== Goal of the exercise ==
Exact wording is required for every entry; transcribe all of them and leave the images out.

== Input data ==

- - - - - - -

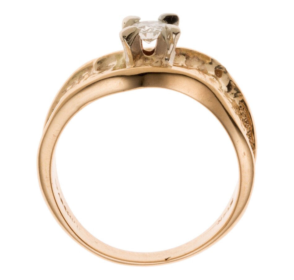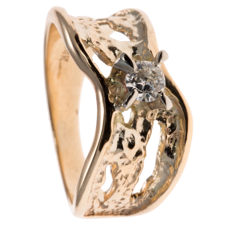 It'll be hard to tear your eyes away from your hand with this stunning, organically-styled diamond ring. It is fashioned with beautifully textured and randomly pierced 14K yellow gold shoulders, framed by a thin, raised border of the same gold with a bright high-polish finish. The undulating shape of the ring is finished with a shimmering 0.20 carat old European-cut diamond. A perfect accessory for a stylish night out.
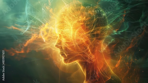 A futuristic visualization of a persons aura, depicted through advanced biofeedback technology
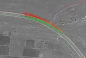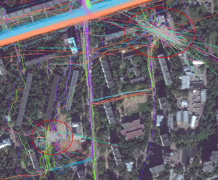 Два трека, которые аккуратно "ложатся" на дорогу, получены с помощью постобработки сырых измерений без применения сглаживающих фильтров. Две большие группы треков (красные и зелёные) как раз демонстрируют описанное выше, а именно вылет по "инерции" трека, вызванной действием фильтра, за пределы дороги. Также прекрасно видно, что разброс составляет почти две ширины дорожного полотна.
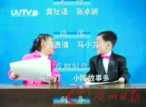 在《幼聞聯(lián)播》中,我們看到了與央視《新聞聯(lián)播》幾乎相同的畫面,左上角標著臺標“UUTV”,下方畫面從左到右分別寫著:“中國幼兒電視臺”、“幼聞聯(lián)播”及日期。畫面正中,正襟危坐著男女小主播“張卓妍”和“黃祉語”。在與《新聞聯(lián)播》相同的開場白后,兩個小主播開始播報新聞簡介,接著畫面轉(zhuǎn)向了由幼兒園小朋友們拍攝的“新聞畫面”,有紅豆幼兒園園長會見白豆幼兒園園長噢·斑馬,雙方簽訂《紅白聯(lián)合聲明》;有幼兒園怎樣預(yù)防H1N1流感……在播放《我園小朋友玩具船被搶,對方身份不明》新聞時,還非常專業(yè)地回放了監(jiān)控錄下的“搶劫”現(xiàn)場畫面,用圓圈標識可疑人物。更搞笑的是,新聞播報結(jié)束后,兩個小主持居然也像央視主持人般,拿起桌上的新聞稿一邊整理一邊互相交談,而后邊的字幕也很“央視”,“記者”包括了白小松、韓小生、敬小丹等。
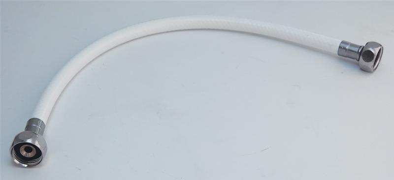 Tilslutningsslange ½ x ½ på 500 mm. Tilslutningsslange til toilet inkl. 2 pakninger. Specifikationer: Længde: 500 mm Farve: Hvid Dimension: ½ x ½
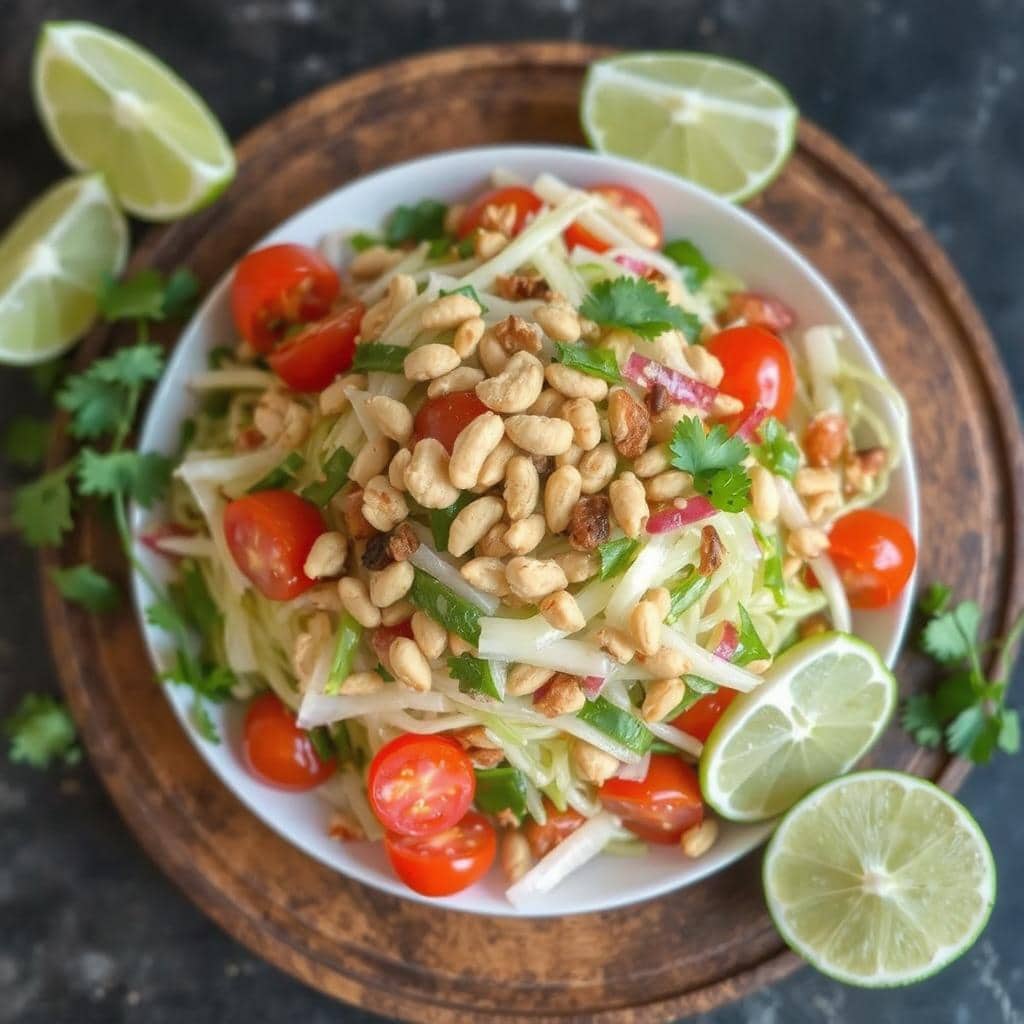 Green papaya salad, også kalt Som Tum, er en klassisk thailandsk rett. Den kombinerer syrlige, søte og krydrede smaker med sprø papaya og smakfull dressing. Retten passer som forrett eller tilbehør til grillet kjøtt. Jeg elsker denne salaten for dens friske smak og balanserte teksturer.
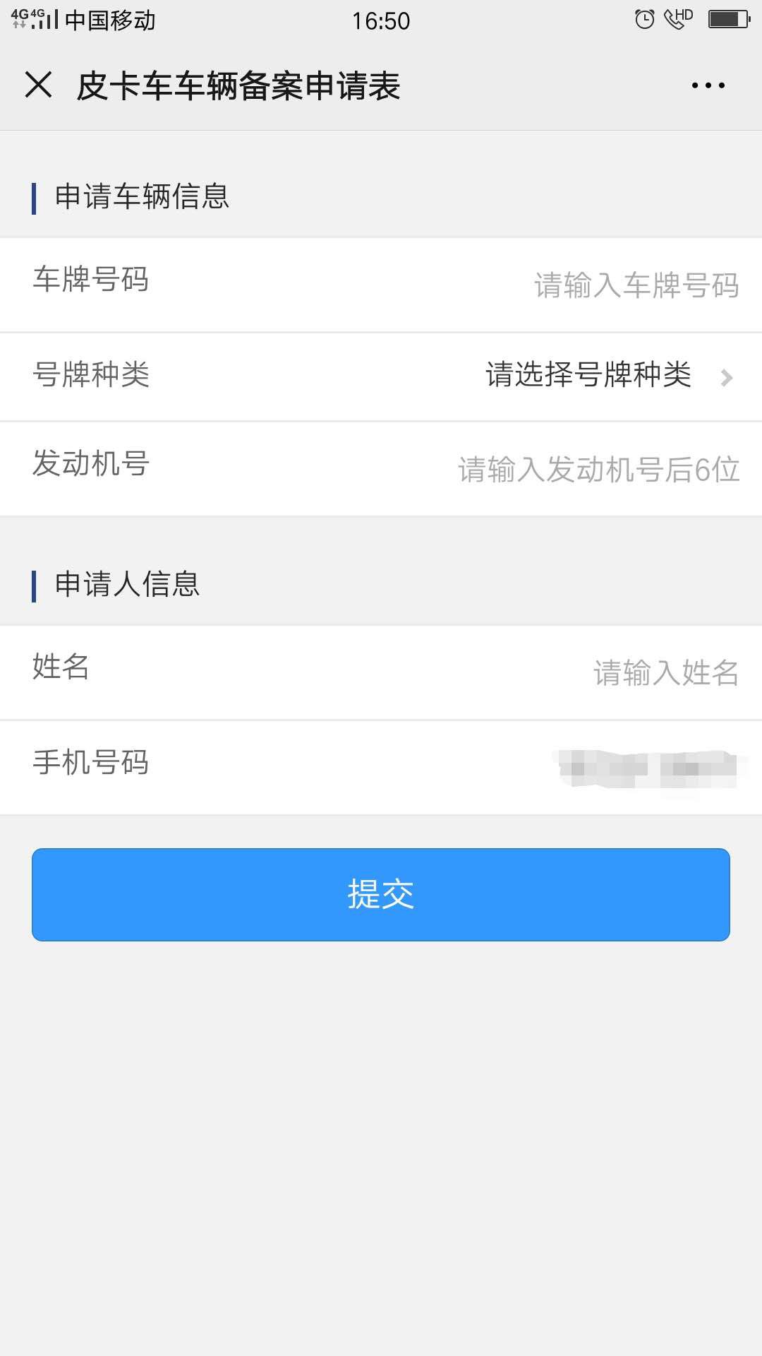 7.填写皮卡车登记信息。

- - - - - - -

== Problem solution ==
 It'll be hard to tear your eyes away from your hand with this stunning, organically-styled diamond ring. It is fashioned with beautifully textured and randomly pierced 14K yellow gold shoulders, framed by a thin, raised border of the same gold with a bright high-polish finish. The undulating shape of the ring is finished with a shimmering 0.20 carat old European-cut diamond. A perfect accessory for a stylish night out.
 A futuristic visualization of a persons aura, depicted through advanced biofeedback technology
 Два трека, которые аккуратно "ложатся" на дорогу, получены с помощью постобработки сырых измерений без применения сглаживающих фильтров. Две большие группы треков (красные и зелёные) как раз демонстрируют описанное выше, а именно вылет по "инерции" трека, вызванной действием фильтра, за пределы дороги. Также прекрасно видно, что разброс составляет почти две ширины дорожного полотна.
 在《幼聞聯(lián)播》中,我們看到了與央視《新聞聯(lián)播》幾乎相同的畫面,左上角標著臺標“UUTV”,下方畫面從左到右分別寫著:“中國幼兒電視臺”、“幼聞聯(lián)播”及日期。畫面正中,正襟危坐著男女小主播“張卓妍”和“黃祉語”。在與《新聞聯(lián)播》相同的開場白后,兩個小主播開始播報新聞簡介,接著畫面轉(zhuǎn)向了由幼兒園小朋友們拍攝的“新聞畫面”,有紅豆幼兒園園長會見白豆幼兒園園長噢·斑馬,雙方簽訂《紅白聯(lián)合聲明》;有幼兒園怎樣預(yù)防H1N1流感……在播放《我園小朋友玩具船被搶,對方身份不明》新聞時,還非常專業(yè)地回放了監(jiān)控錄下的“搶劫”現(xiàn)場畫面,用圓圈標識可疑人物。更搞笑的是,新聞播報結(jié)束后,兩個小主持居然也像央視主持人般,拿起桌上的新聞稿一邊整理一邊互相交談,而后邊的字幕也很“央視”,“記者”包括了白小松、韓小生、敬小丹等。
 Tilslutningsslange ½ x ½ på 500 mm. Tilslutningsslange til toilet inkl. 2 pakninger. Specifikationer: Længde: 500 mm Farve: Hvid Dimension: ½ x ½
 Green papaya salad, også kalt Som Tum, er en klassisk thailandsk rett. Den kombinerer syrlige, søte og krydrede smaker med sprø papaya og smakfull dressing. Retten passer som forrett eller tilbehør til grillet kjøtt. Jeg elsker denne salaten for dens friske smak og balanserte teksturer.
 7.填写皮卡车登记信息。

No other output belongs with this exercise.